- [WHAT YOU NEED TO DO]: Word for word, set down the lines from the one that holds "最高級■定価10万 ビジネスシューズ メンズ" through the final line of the listing below, and exclude every picture.

- [COLLECTED MATERIAL]:

· · · · · · ·

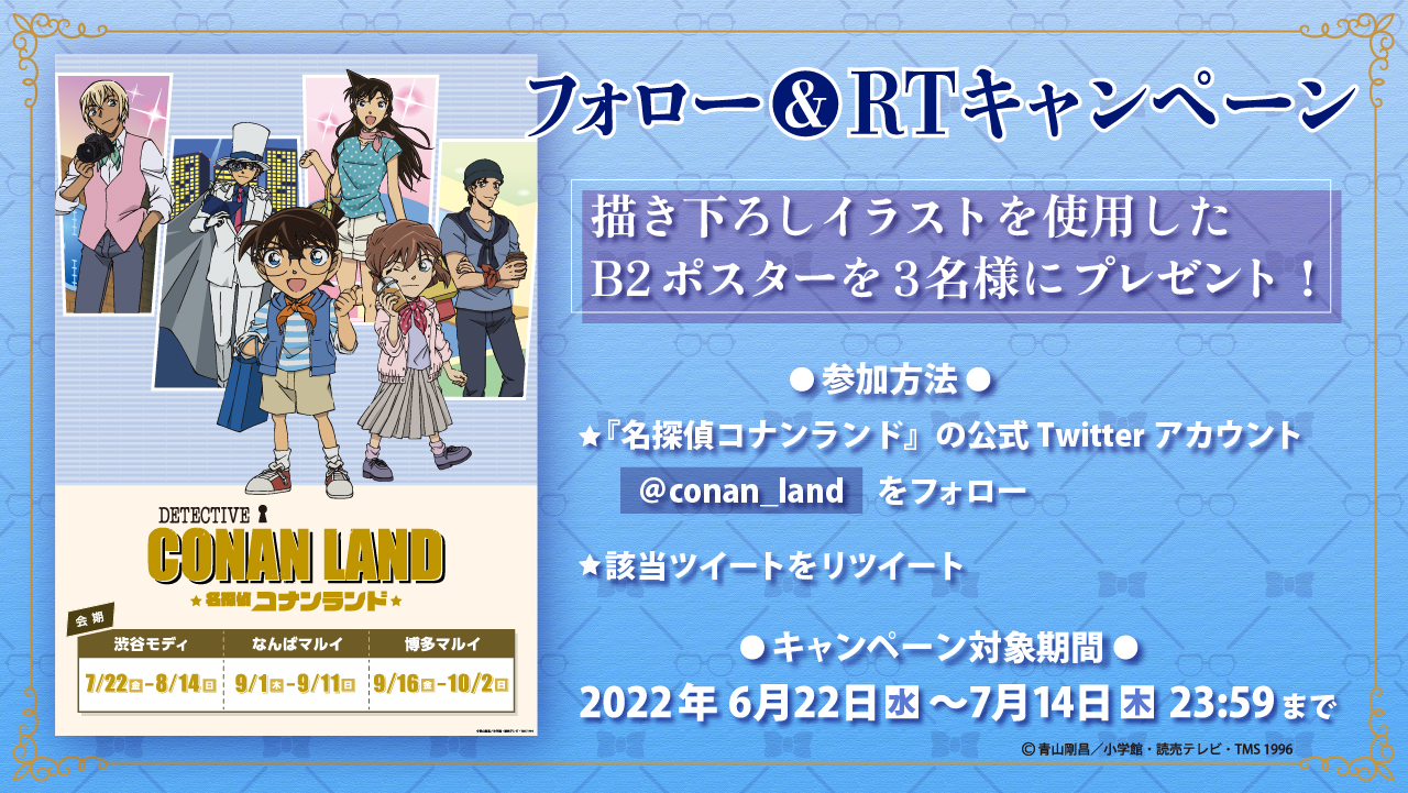 さらに、公式Twitterアカウントでは、同日よりフォロー&RTキャンペーンとして、描き下ろしイラストを使用したB2ポスターを3名様にプレゼントいたします。『名探偵コナンランド』の公式Twitterアカウントをフォローの上、該当ツイートをリツイートしてご応募ください。
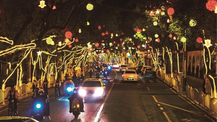 华灯初上,璀璨灯光点亮城市夜空,让路人倍感温馨,浓浓新春氛围扑面而来。
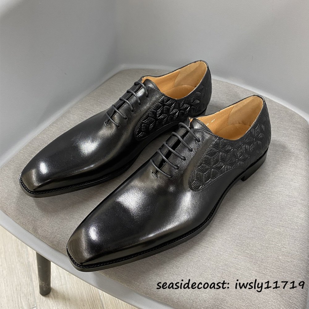 最高級■定価10万 ビジネスシューズ メンズ 紳士靴 職人手作り 本革レザーシューズ 超希少 革靴 牛革 フォーマル 冠婚葬祭 ブラック 25.0cm
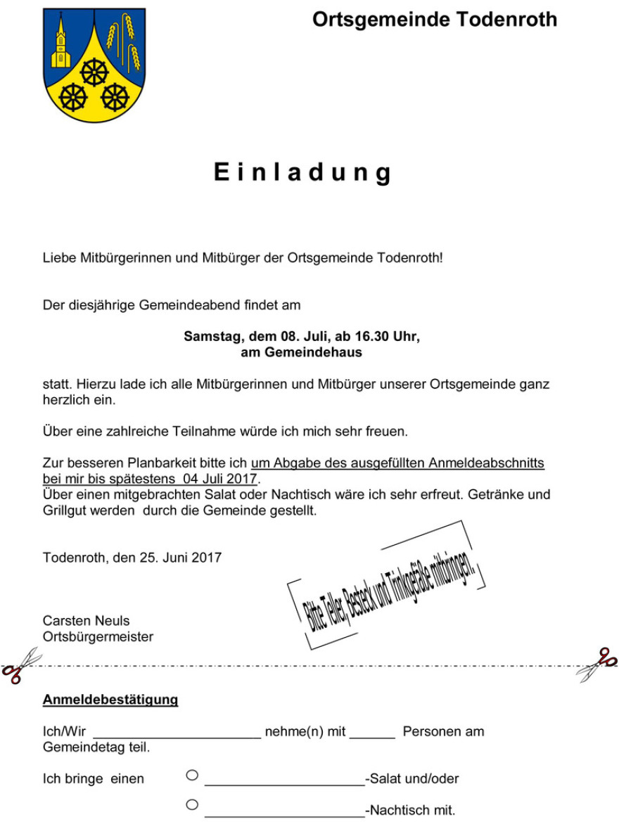 Über eine rege Teilnahme würden der Gemeinderat und ich uns sehr freuen.

· · · · · · ·

- [EXERCISE ANSWER]:
 最高級■定価10万 ビジネスシューズ メンズ 紳士靴 職人手作り 本革レザーシューズ 超希少 革靴 牛革 フォーマル 冠婚葬祭 ブラック 25.0cm
 Über eine rege Teilnahme würden der Gemeinderat und ich uns sehr freuen.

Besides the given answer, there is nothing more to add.